# sailing is a lot harder then holdfast makes out!



## Durp (May 23, 2015)

Fuck. Almost just wrecked the boat. Sailing is a lot harder than Youtube makes it look. So glad I have a working engine, it just saved my ass from ending up on the rocks. Take this from experience, do not try and sail all by yourself if you have never been sailing in your life. It does not appear to be one of those things that can just be winged and figured out as you go. Wtf am I supposed to do with the winches? How do I control the genoa, jib, and mainsail along with the rudder? I almost ended up in a death jibe and swear I was about to roll the fucker before I managed to get all the sheets down just in time to not die. God damned that was fucking terryifing. If any one wants to teach me how to sail, I will provide you with mucho beer!


----------



## Tude (May 23, 2015)

OH FUCK DUDE!!!!!! I need an @everyone here but that that's not going on. @highwayman , @creature, @Matt Derrick are the people I can think of- tie up and breathe.....


----------



## creature (May 24, 2015)

i'm glad yer safe, man..

glad the boat is, too...

i know fkng nothing..
the fact you survived, though, is a good indication you probably have what it takes...

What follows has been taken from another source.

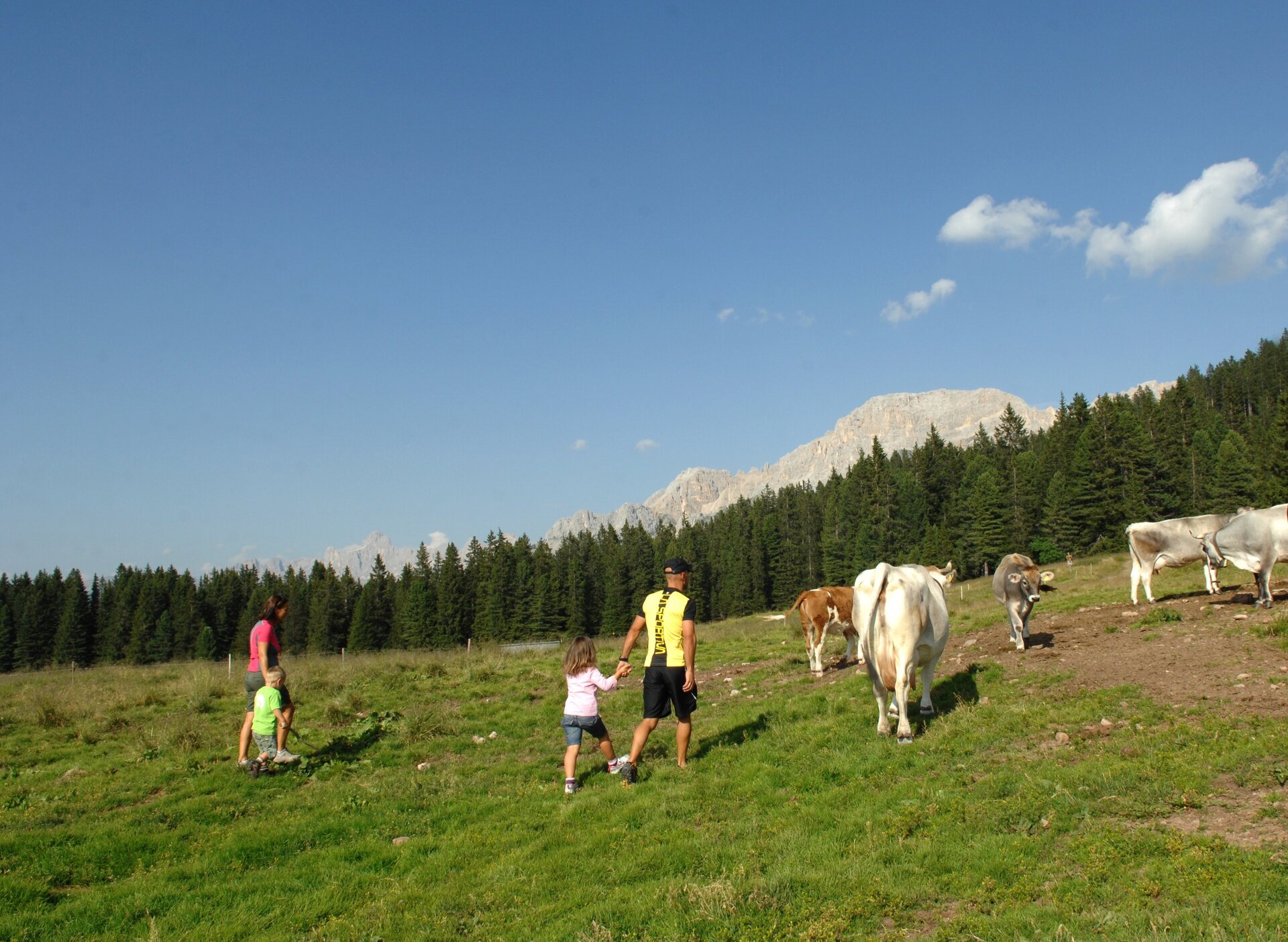 Gäste, die lieber ein Picknick machen möchten, können sich an einem der vielen verfügbaren Sitzplätze niederlassen, jeder mit einer lustig bunt gemusterten Unterlage. Neben der Malga Costa (Liegalm) befindet sich ein Stall, in dem viele Kühe wohnen, die tagsüber angenehme Gesellschaft bieten.

i'm struck by a picture of someone who doesn't know how to drive taking a toyota down a 6' wide fire road of big ass rubble, with thousands of feet of 200' sheer, dropping gorges as their first attempt to drive..

damn good thing you had the motor..

wise buy, buddy..

now get the fuck out there & learn what she is.

& be goddamned carefull, you ball assed cur of a conch...


----------



## Durp (May 24, 2015)

@creature this was pretty much the water borne equivalent of what you described... After lots of reading, seems like I did almost everything possible wrong.... Oops...


----------



## Matt Derrick (May 24, 2015)

don't let that discourage you, there have been plenty of sailors that have learned just by doing with no experience, but you will make mistakes 

just keep at it and keep studying, it's overwhelming at first, but after a while you'll wonder why you made such a big deal about it before


----------



## 36058 (Jul 1, 2015)

Jim, you should check out this site about a guy in GB who designed sailboats that sail themselves. You steer the boat with a lever activated rudder and a simple forward/neutral/reverse stick:

http://www.sailwings.net/index.html

Hellava nice guy and he doesn't mind if you copy his ideas, unless of course you live in the UK, in which case he has a patent. 

The wingsail is the future of sailing and the only means of propelling competitive speed racing vessels. By reducing the complexity of the task he blew the doors wide open for just about anybody to retro fit their vessel with wingsails and sail solo. 

I used to work on commercial boats and ships in the Bering sea and the idea of sailing across the ocean solo terrifies me. Not because routine sailing is such a big deal, but because I have seen first hand how the ocean can suddenly become the most violent place that you ever imagined. 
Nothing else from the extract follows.